EXERCISE DESCRIPTION –
The listing below is to be written out word for word, minus its images.

STORED DATA –
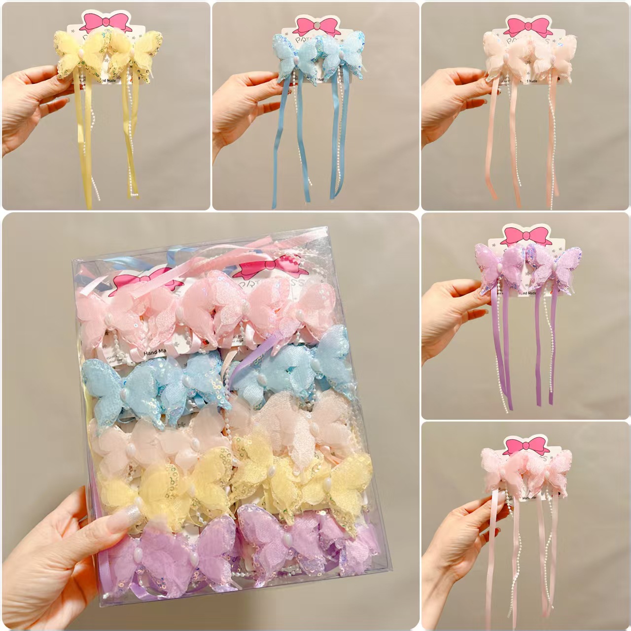 12 crystal butterfly pearl tassel mixed color one card
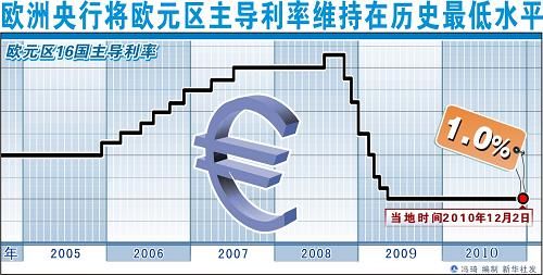 柏林2010年7月8日电欧洲中央银行8日在法兰克福总部宣布,将欧元区16国主导利率维持在1.0%不变。自2009年5月以来,欧洲央行一直将欧元区主导利率维持在这一历史最低水平。欧洲央行行长特里谢在月度新闻发布会上暗示,
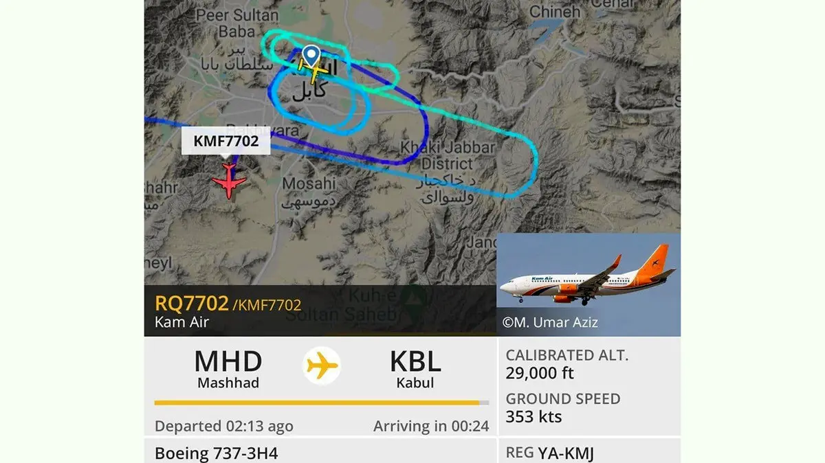 به گزارش رکنا ، پرواز ۷۷۰۲ مشهد به کابل بر فراز آسمان این شهر سرگردان بود. احتمالا مجوز فرود برای این هواپیما صادر نشده است.
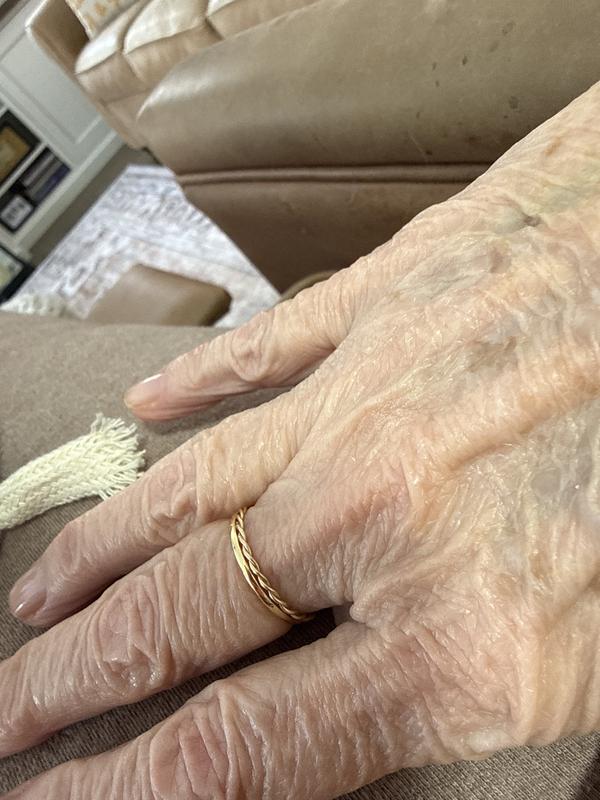 I want to start off saying that I really like this ring, however, I have had it for about a week or two and have worn it nonstop and the gold has turned into more of a silver. Just something to keep in mind!

RESPONSE –
 12 crystal butterfly pearl tassel mixed color one card
 柏林2010年7月8日电欧洲中央银行8日在法兰克福总部宣布,将欧元区16国主导利率维持在1.0%不变。自2009年5月以来,欧洲央行一直将欧元区主导利率维持在这一历史最低水平。欧洲央行行长特里谢在月度新闻发布会上暗示,
 به گزارش رکنا ، پرواز ۷۷۰۲ مشهد به کابل بر فراز آسمان این شهر سرگردان بود. احتمالا مجوز فرود برای این هواپیما صادر نشده است.
 I want to start off saying that I really like this ring, however, I have had it for about a week or two and have worn it nonstop and the gold has turned into more of a silver. Just something to keep in mind!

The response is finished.